まずニュースを読むときなど、自分が「これは正しい」と思っても、「反対の意見を言っている人はいないか?いるとしたらどんな意見か?」をチェックする習慣ですね。研究者は常に「それは本当に正しいの?」と問う仕事ですし、優秀な経営者も常に問いを立てています。
それからもう1つは、AIに質問できるだけの土台の知識を持っておくこと。「この分野なら私は負けない!」という専門領域をちゃんと作っておくと、AIに対してもいい問いを投げやすくなります。
AI時代、女性の自立と選択肢を広げるために

ーーAIの進化は、日本経済や働き方・生産性にどう影響すると見ていますか。
生産性を上げるのはもちろんですし、全体としてはプラスの側面のほうが大きいと思っています。よく「AIで失業が増える」と懸念されたりしますが、現時点では世界的にも日本でも雇用者数は増えています。なので「AI失業がすでに起きている」という状況ではありません。

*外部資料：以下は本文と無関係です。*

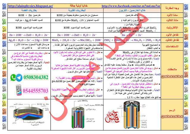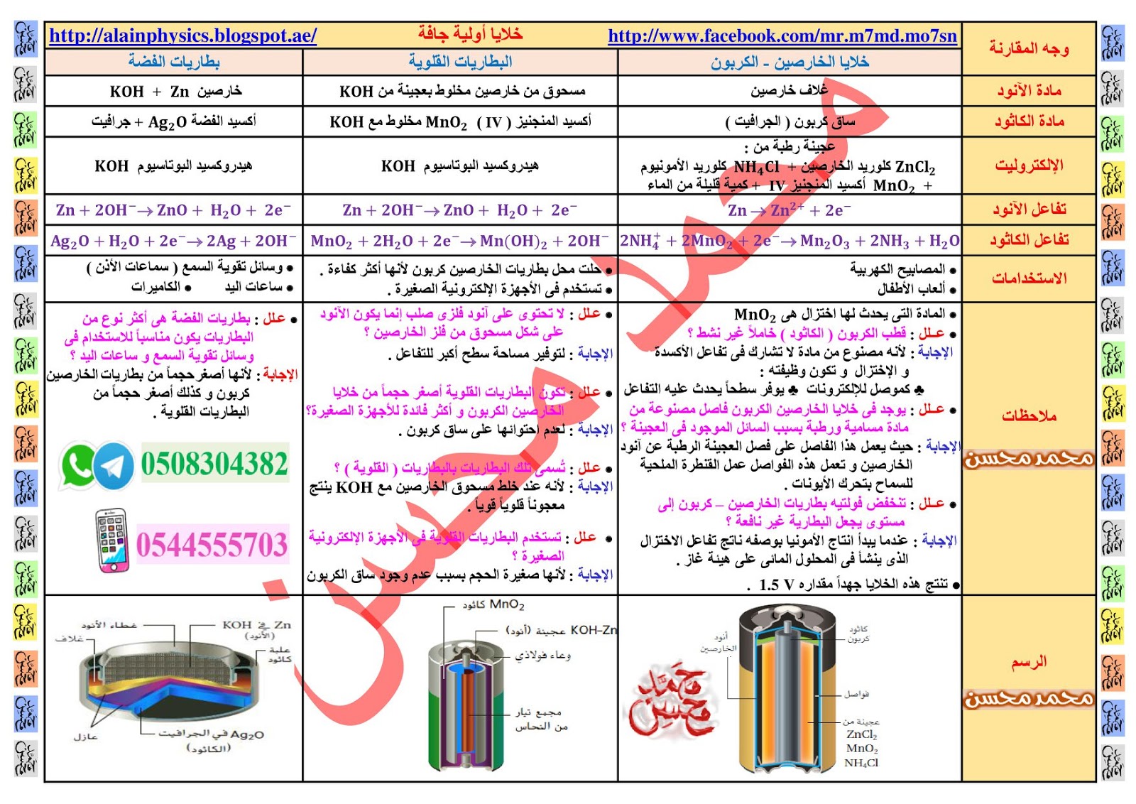 الصف الثاني عشر المتقدم, الفصل الثاني, كيمياء, 2017-2018, الكيمياء الكهربائية - ملخص البطاريات الأولية الجافة من إعداد المدرس محمد محسن يقدمه لكم موقع المناهج www.almanahj.com
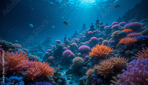 © abida, Fototapeta premium Vibrant Coral Reef with Exotic Marine Life in Blue Ocean

ただ、AIは格差を広げる可能性がある、というのは危惧しています。スキルを持っている人と持っていない人、AIを使いこなせる人と使いこなせない人の格差。さらに、男女の格差も深刻だと思っています。
ーーWomen AI Initiative Japanの理念について、どのようにお考えですか。
「100パーセント賛同!」しています。私自身がまさにそういう団体を求めていたので驚きました。今回お話した通り、今はAI格差が広がりつつあるタイミングで、しかも女性のほうが置いてけぼりになりやすいというデータもある。
そこに対して「じゃあどうする?」を提供してくれる存在として、非常に意味があると思っています。
また女性が金銭的にも精神的にも自立することで、家庭内暴力が減るなどの研究はたくさんあるんですよね。自立とは依存先を分散させて選択肢を増やすことなので、人生の自由度が上がって窮屈さが減ります。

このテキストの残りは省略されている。